Charlie Biedenharn’s road to entrepreneurship has peaks and valleys but ultimately concludes on a sweet, hopeful high note. Born and raised in San Antonio, Biedenharn lived a privileged childhood, but unstable family life led him to choose the path of drugs and alcohol. After spending a decade in and out of rehab, and living as far as Seattle and Telluride, Biedenharn had a wake-up call. In 2009, he got sober and enrolled in the University of the Incarnate Word and graduated with an English degree. 

In 2011, he met Bouchon vets Jeremy Mandrell and Anne Ng, who needed an investor to bring their farmers market pastries to a larger audience.

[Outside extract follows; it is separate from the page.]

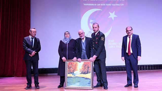 Program, hediye takdimi ve günün anısına çekilen toplu fotoğraf ile sona ererken, Rektör Prof. Dr. Hasan Kaya, program sonrası Şehidimiz Mehmet Uçar’ın ailesini makamında misafir etti. -Cemil Yıldız-
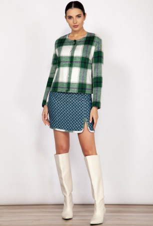Стильный и теплый костюм. Жакет прямого силуэта с нагрудной вытачкой из бокового шва и спущенной линией плеча. Рукав втачной двухшовный. Застежка центральная с закругленными краями борта на 5 кнопок. Перед с настрочными карманами. Вдоль горловины, борта, низа изделия и рукава, и вдоль верхнего края кармана притачана планка из отделочной ткани.

With a newfound interest in sweets, Biedenharn signed a lease for Bakery Lorraine’s first brick-and-mortar in 2012. Later that year, he also teamed with Chad Carey and Quealy Watson to operate The Monterey and open Barbaro and several other concepts.

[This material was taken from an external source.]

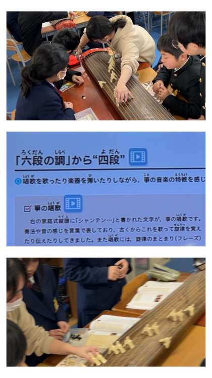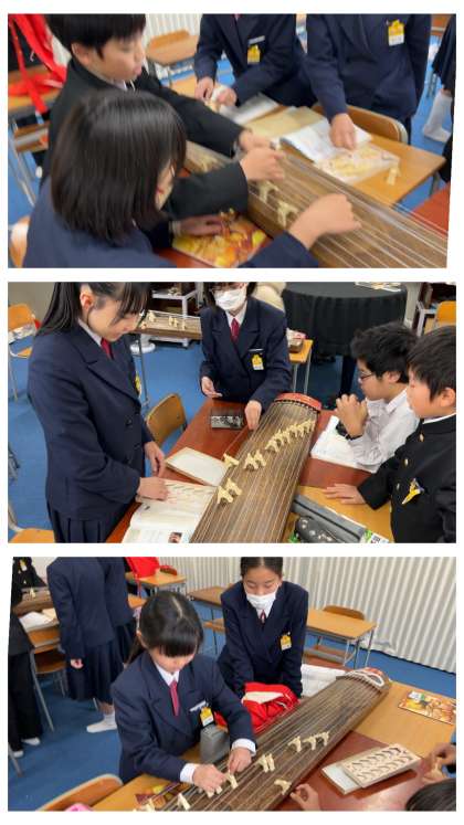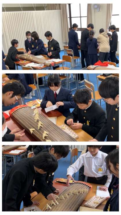 1年生の音楽の授業では、和楽器『筝』の演奏にチャレンジしています。グループにわかれて、先生が調律を済ましてから体験が始まります。和楽器の演奏を通して、日本の伝統芸能の良さを味わいます。

During this time, Biedenharn enrolled in an MBA program at the University of Texas at Austin and applied what he learned to macarons and croissants. He departed Carey’s Empty Stomach Group to focus on Lorraine exclusively, and now the bakery has three locations (with a fourth in Austin in the works), wholesale accounts, a 24-hour commissary, and 100 hard-working San Antonians as employees. The team also recently opened Maybelle’s Donuts in the city’s first food hall, The Bottling Department. Eight years later, Biedenharn loves what he’s doing—introducing fine patisserie to South Central Texas—even when the going gets tough.